Nesta altura do percurso (supõe‑se que encetámos uma
subida «espiritual»: entenda‑se no Espírito Santo e
com o Espírito Santo), baptizados e catecúmenos devem estar já a ser Iluminados
por essa Luz, a ponto de se desfazerem das «obras das trevas» e de abraçarem as
«obras da luz», como verdadeiros discípulos que seguem o Mestre até ao fim, que
é também o princípio, a Fonte da Vida verdadeira donde jorra o Espírito Santo
(sempre Actos 2,32-33; João 19,30 e 34; 7,38-39). Os catecúmenos têm neste
Domingo V da Quaresma os seus terceiros «escrutínios»: última «chamada» para a
Liberdade antes da Noite Pascal Baptismal.

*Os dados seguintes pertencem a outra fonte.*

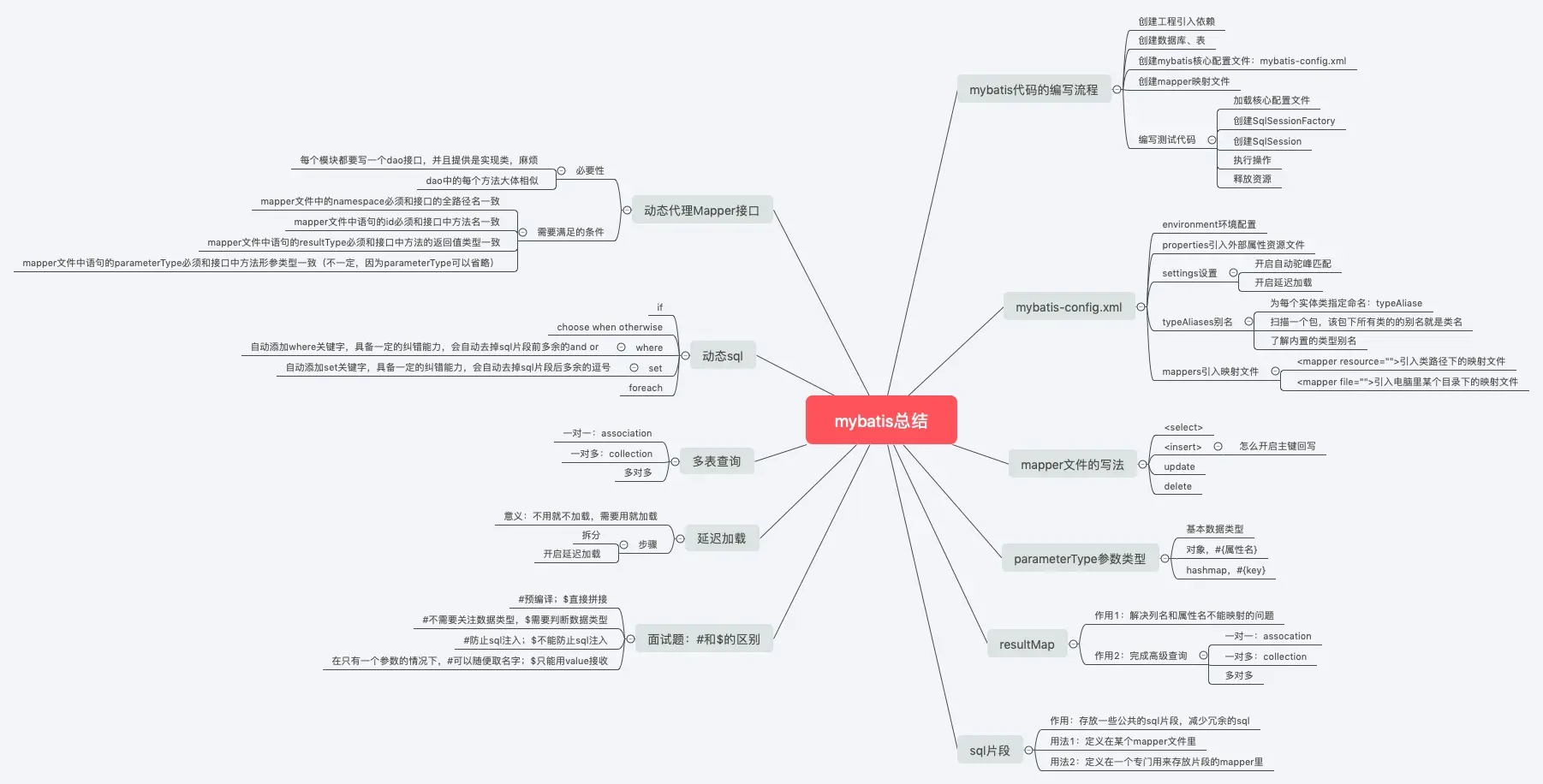 1.当多表查询的时候,实体类的改造;2.resultMap的继承;3.延迟加载;4.如果sql语句中出现<的解决方案;最后给大家一张Mybatis的总结图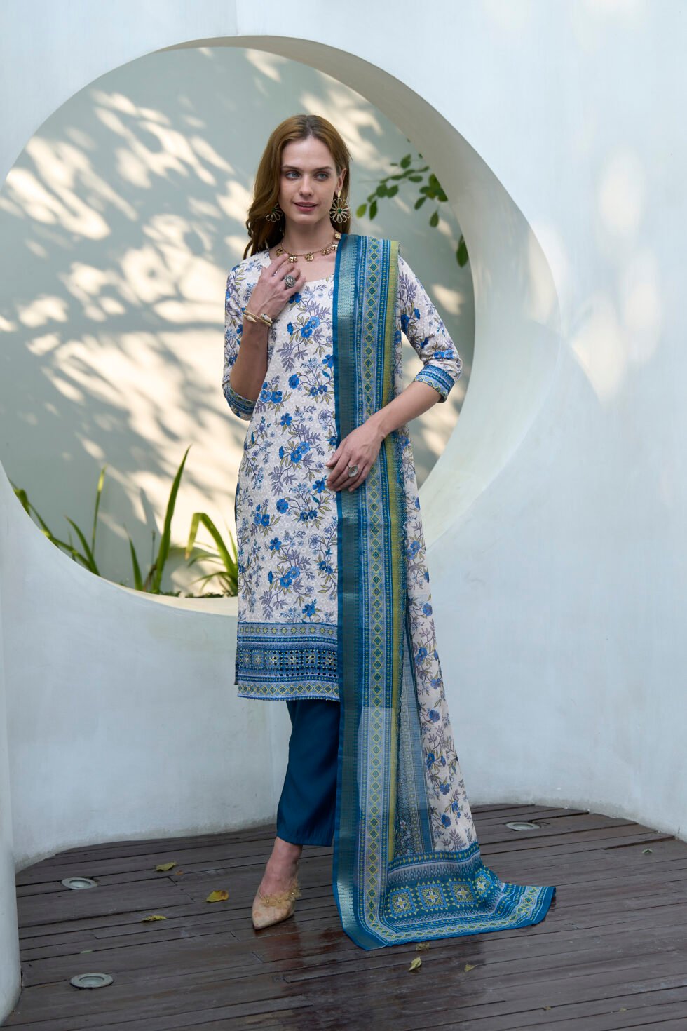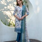 Avantini Women’s Cotton White Blue Floral Printed With Chikankari Embroidered Kurta Pant With Dupatta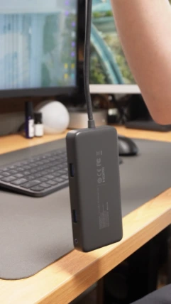 突然ですが、こういったUSBハブを繋いだ時にデスクがごちゃごちゃしたり、宙ぶらりんになって邪魔だと感じたことはありませんか?
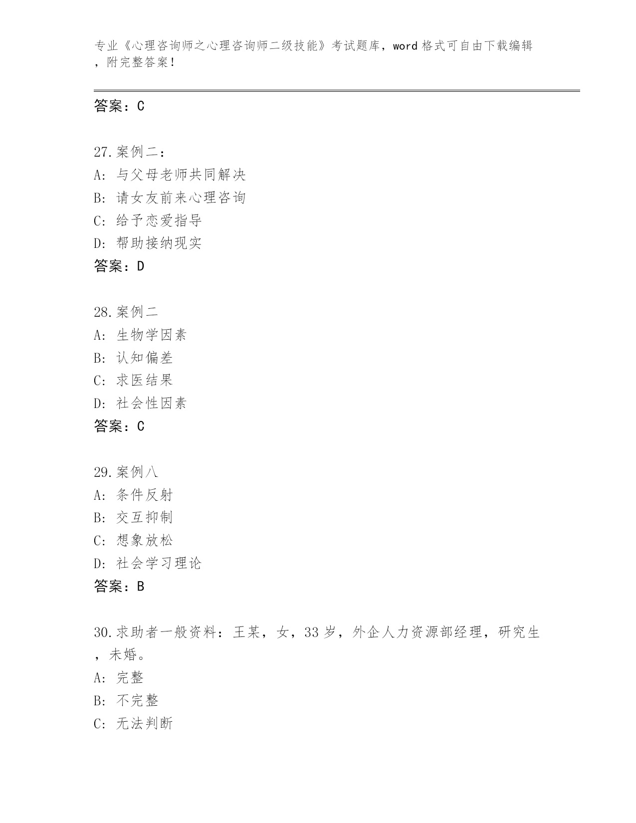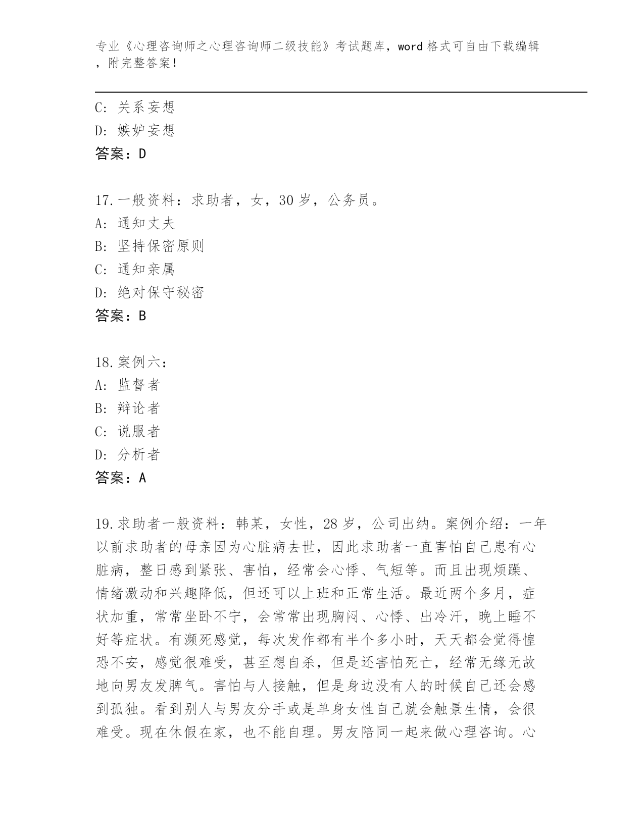 安徽省淮上区2024年《心理咨询师之心理咨询师二级技能》考试通关秘籍题库(名师系列)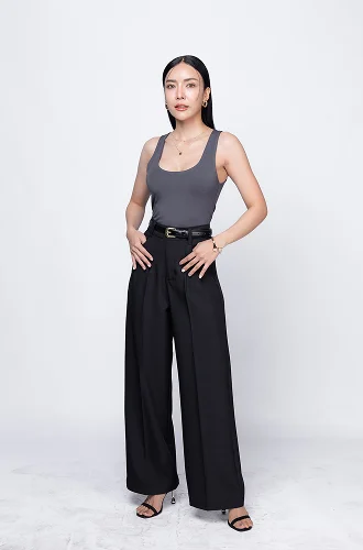 This extra-thick, double-layered rayon tank top, crafted with hidden seams, is comfortable and non-irritating to the skin. A basic tank top from Amalyn_Collections, perfect for work, can be mixed and matched with trousers and a blazer for a sophisticated and elegant look.
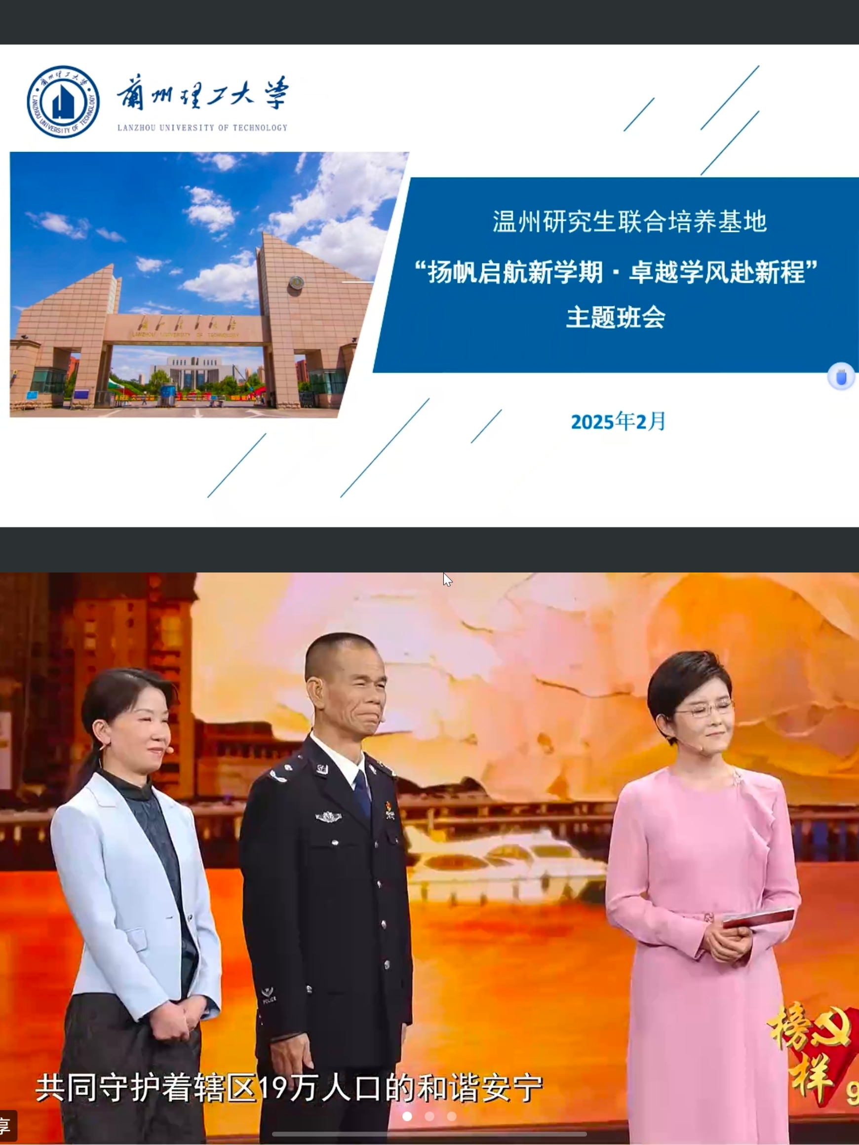 温州研究生联合培养基地于2025年2月26日晚上八点半在办公楼405会议室开展“扬帆启航新学期·卓越学风赴新程”主题班会和主题团日活动,基地管理办老师、2022级在温研究生、2023级全体来温实践研究生以线下线上方式参加。

2. O Evangelho deste Domingo V da
Quaresma (João 12,20-33) apresenta-nos o último discurso e a última aparição de
Jesus em público, aos olhos da «multidão» (João 12,29 e 34), antes da
narrativa da Ceia e da Paixão. Pouco depois, o evangelista diz‑nos
que «Jesus se retirou e se escondeu deles» (João 12,36). A nós, porém, foi‑nos
dado conhecer o Mistério deste escondimento, que o não é senão para se vir a
manifestar (leia‑se de novo inteligentemente o lógion de
Jesus no Evangelho de Marcos: «nada está escondido que não seja para se
manifestar» (Marcos 4,22), e que esclarece o Mistério da Luz-que-vem (!), que é
Ele, no versículo anterior). Em boa verdade, este Jesus que agora se esconde da
multidão manifestar-se-á definitivamente, aos olhos de todos (também aos
nossos!), na Cruz Gloriosa, último e único sinal dado (por Deus) a esta geração
(Mateus 12,39‑40;
1 Coríntios 1,20‑24): «olharão para aquele que
trespassaram» (João 19,37).
3. É neste contexto que «uns gregos»
(João 12,20) querem ver (ideîn) Jesus (João 12,21). Note-se, desde já, o
verdadeiro alcance deste desejo de ver, formulado com o verbo ideîn. De ideîn
deriva, em português, ideia e identidade. A formulação deste ver com o verbo
ideîn implica, portanto, que aqueles gregos não são movidos por mera
curiosidade, não pretendem ver apenas Jesus por fora, isto é, ver o aspecto ou
o rosto de Jesus. Eles pretendem ver a identidade de Jesus, ou seja, pretendem
ver quem é Jesus. Ora, ver quem é Jesus não se resolve em cinco minutos, num
simples relance de olhos. Implica uma longa e intensa convivência com Jesus.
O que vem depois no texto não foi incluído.